CDC revises recommendations for postpartum contraception

July 29, 2011

The US Centers for Disease Control and Prevention (CDC) has released revised recommendations for postpartum contraceptive use based on an assessment of new evidence, according to an article published in the July 8 issue of Morbidity and Mortality Weekly Report.

The US Centers for Disease Control and Prevention (CDC) has released revised recommendations for postpartum contraceptive use based on an assessment of new evidence, according to an article published in the July 8 issue of Morbidity and Mortality Weekly Report.

The guidelines update the CDC's U.S. Medical Eligibility Criteria for Contraceptive Use, 2010, and recommend that postpartum women should not use combined hormonal contraceptives during the first 21 days after delivery because of the high risk for venous thromboembolism (VTE).

“Use of combined hormonal contraceptives (during this time) represents an unacceptable health risk and should not be used (category 4),” the statement said.

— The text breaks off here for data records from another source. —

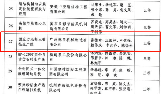 热烈祝贺德亚创智“预应力混凝土管桩生产线”荣获2022年度“利君杯”第十六届中国建材机械工业协会技术革新奖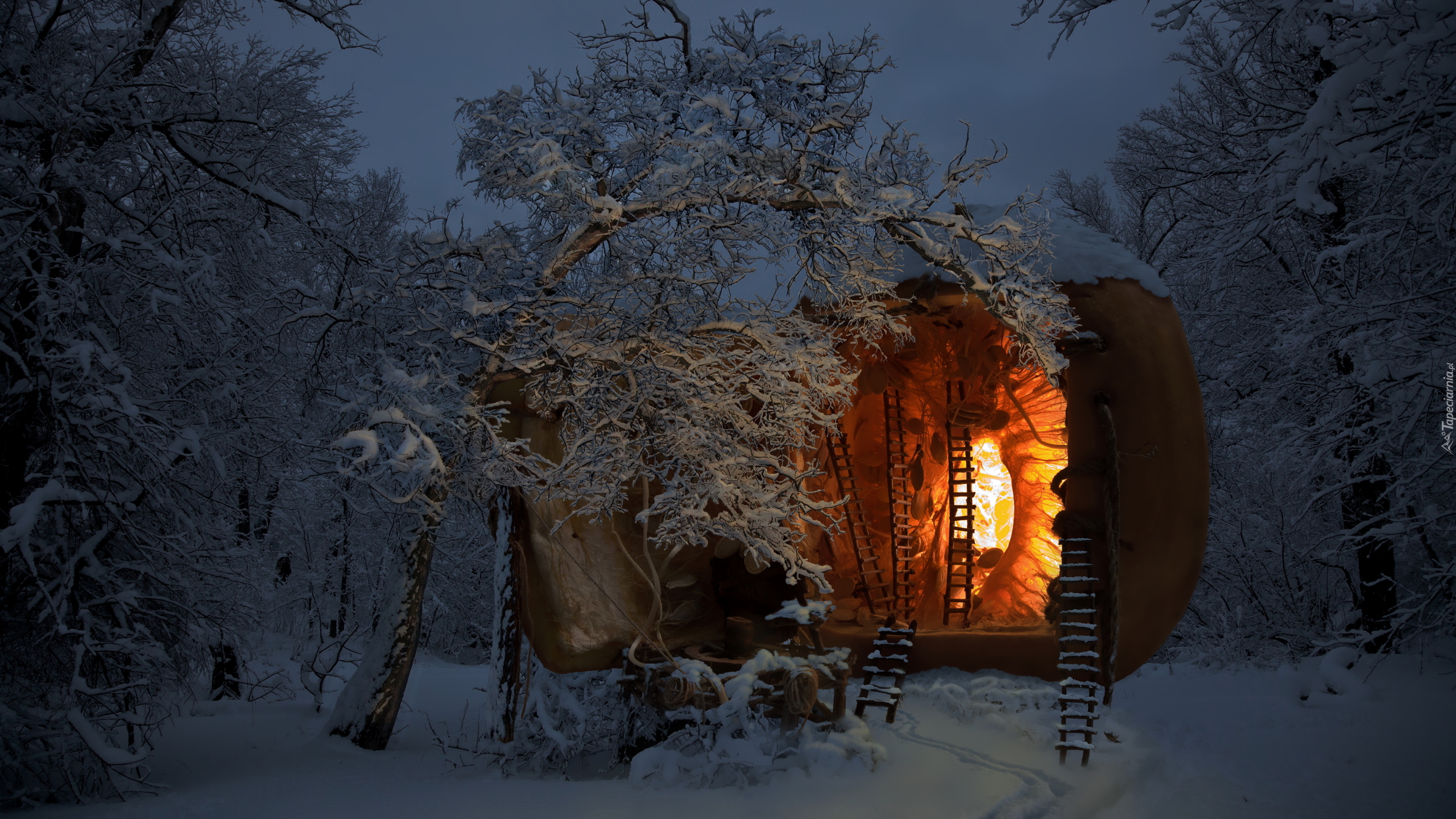 Edytor tapety: Oświetlony domek w zimowym lesie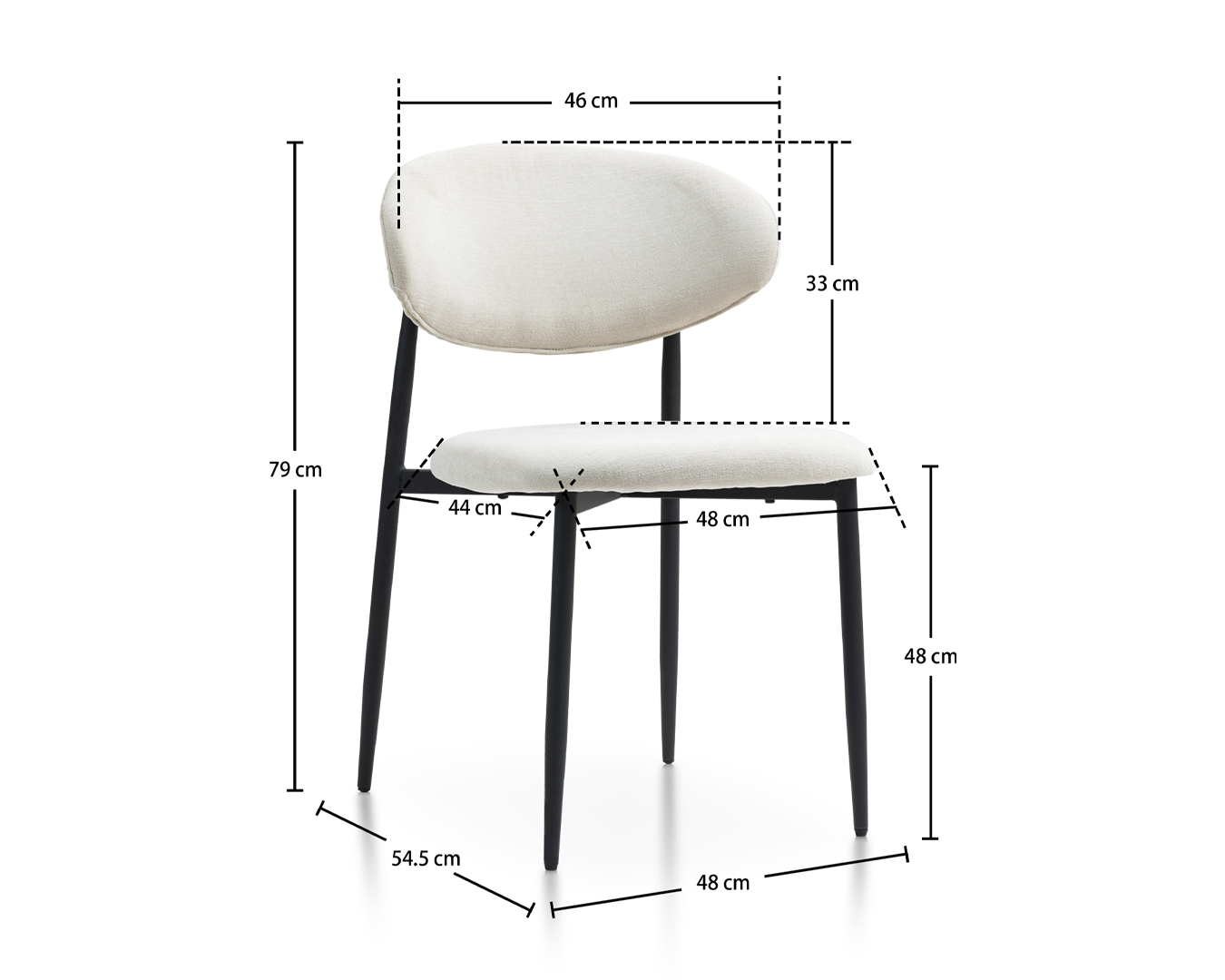 • そのデザインは、クラシックなエレガンスとモダンなシンプルさをシームレスにブレンドします。シートとバックレストは、豪華なベージュの生地で布張りされており、温かく魅力的な外観を提供します。洗練されたブラックメタルフレームに支えられて、椅子は頑丈さと耐久性の感覚を醸し出しています。背もたれは穏やかな曲線で設計されており、比類のない快適さとサポートを提供します。
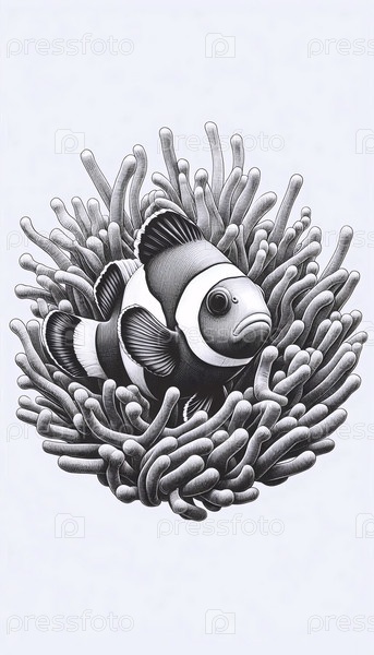 Клоунфиш чернила рисование арт-принт, Ai generated image A

Women without risk factors for VTE, such as previous VTE or recent cesarean delivery, generally can initiate combined hormonal contraceptives among postpartum days 21 to 42; women with risk factors should not use combined hormonal contraceptives during this time as the risks usually outweigh the advantages (category 3). After 42 days, there are no recommended restrictions on contraceptive use, the report said.

Category 3 is characterized as a condition for which the theoretical or proven risks usually outweigh the advantages of using the method. Category 4 is a condition that represents an unacceptable health risk if the contraceptive method is used.

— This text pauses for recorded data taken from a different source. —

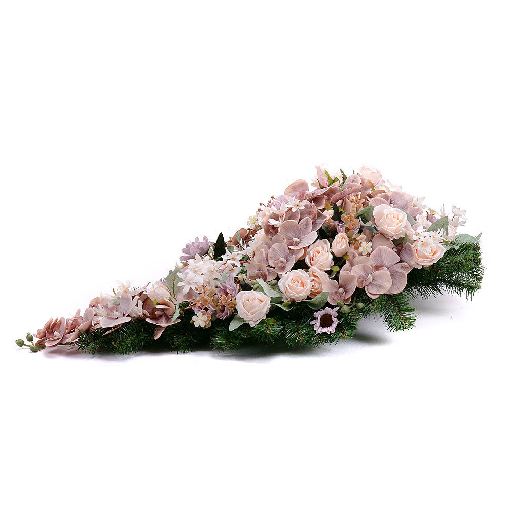 Uctite si tých, ktorí Vám chýbajú, umelým vencom v tvare slzy v jemnej ružovo - fialovej farbe z umelých kvetov ruží, orchidíí a dekoračných doplnkov.
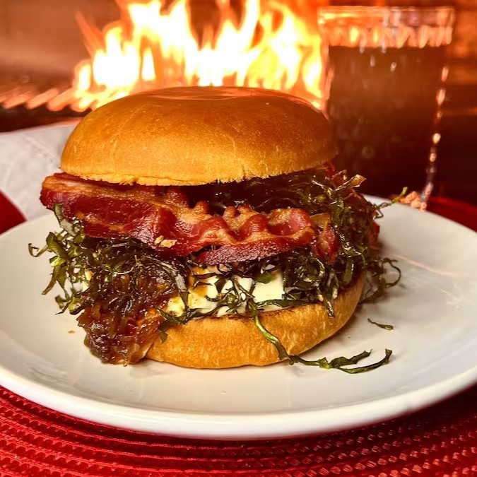 Blend 120gr, Cream cheese, uma deliciosa Geleia De Bacon(exclusiva da casa, Vai Cebola Na Base), couve crispy, bacon e maionese da casa.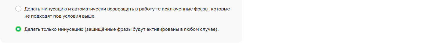 При данном режиме все кластеры, включая фразы из списка Защищенных, будут исключены. Режим предназначен для остановки показов в поисковой выдаче и доступен только в кампании Единая ставка.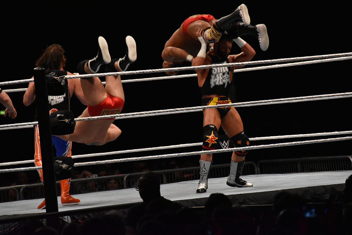 Pour l’occasion, les stars et les divas de la mythique de la WWE étaient présentes pour notre plus grand bonheur : Roman Reigns, Seth Rollins ou encore Dean Ambrose, Sasha Banks, Bayley, Baron Corbin… C’était l’occasion de découvrir les affrontements entre Roman Reigns, Seth Rollins, Braun Strowman, Finn Balor, Alexa Bliss ou encore Sasha Banks qui ont pris leur revanche après la 34e édition de WrestleMania, le 8 avril à La Nouvelle-Orléans. L’ambiance était survoltée et les catcheurs on enflammer la scène avec des combats explosifs. Ses athlètes ont pu s’affronter dans une salle surchauffée et survolté, mêlant émotion et une énergie incroyable.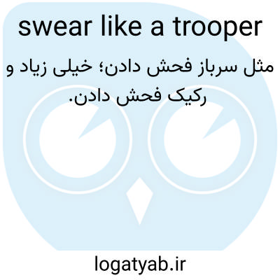 📌 فحاشی یا ناسزاگویی آزادانه، مانند جملهی «معلم وقتی شنید یکی از پدران شروع به فحاشی مانند سربازان کرد، شوکه شد.» منظور از سربازان در این اصطلاح، سوارهنظام بود که از اوایل دههی ۱۷۰۰ به بعد به خاطر فحاشیهایشان مورد توجه قرار میگرفتند.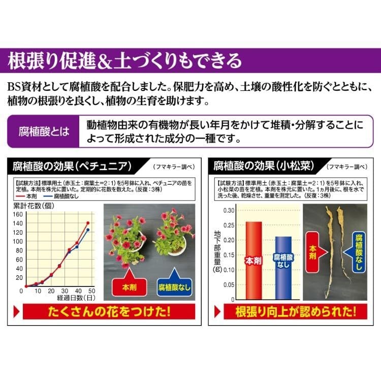 保肥力を高め、土壌の酸性化を防ぐとともに、植物の根張りを良くし、植物の生育を助けます。

The CDC’s original guidelines, published in 2010, which were adapted from World Health Organization (WHO) guidelines, recommended that combined hormonal contraceptives generally should not be used in women less than 21 days postpartum, but after that time, they could be used without restriction.

The CDC initiated an assessment to evaluate whether its guidelines should be updated in line with WHO’s recently updated guidelines, which was based on a review of evidence from 13 studies that found:

The risk for VTE among women within the first 42 days postpartum is 22-fold to 84-fold greater than the risk among nonpregnant, nonpostpartum reproductive age women.
The highest risk is immediately after delivery and declines during the first 21 days.
Risk returned to baseline 42 days postpartum in most studies.

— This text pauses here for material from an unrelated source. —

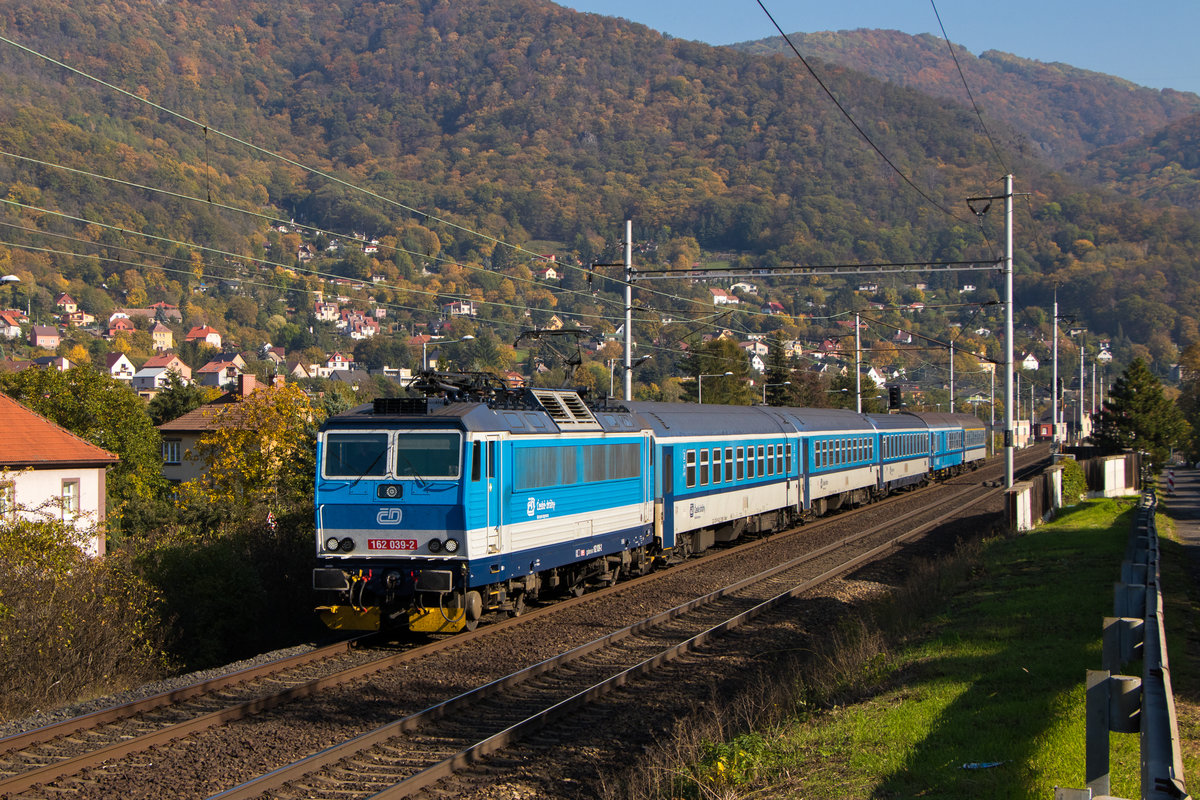 14. Oktober 2019 in Vanov: 162 039-2 zieht den Schnellzug nach Usti nad Labem.

Separate recommendations for the use of combined hormonal contraceptives among women who are breastfeeding remain unchanged, as do the recommendations for use of other contraceptives, including progestin-only hormonal contraceptives.

“Healthcare providers assessing a woman's individual risk also should consider any other characteristics or medical conditions that might impact the classification,” the authors wrote. “For postpartum women, this might include examining the recommendations for other risk factors for VTE, such as known thrombogenic mutations (category 4) or history of VTE with risk factors for recurrence (category 4), both of which pose an unacceptable health risk for combined hormonal contraceptive use, whether or not women are postpartum.”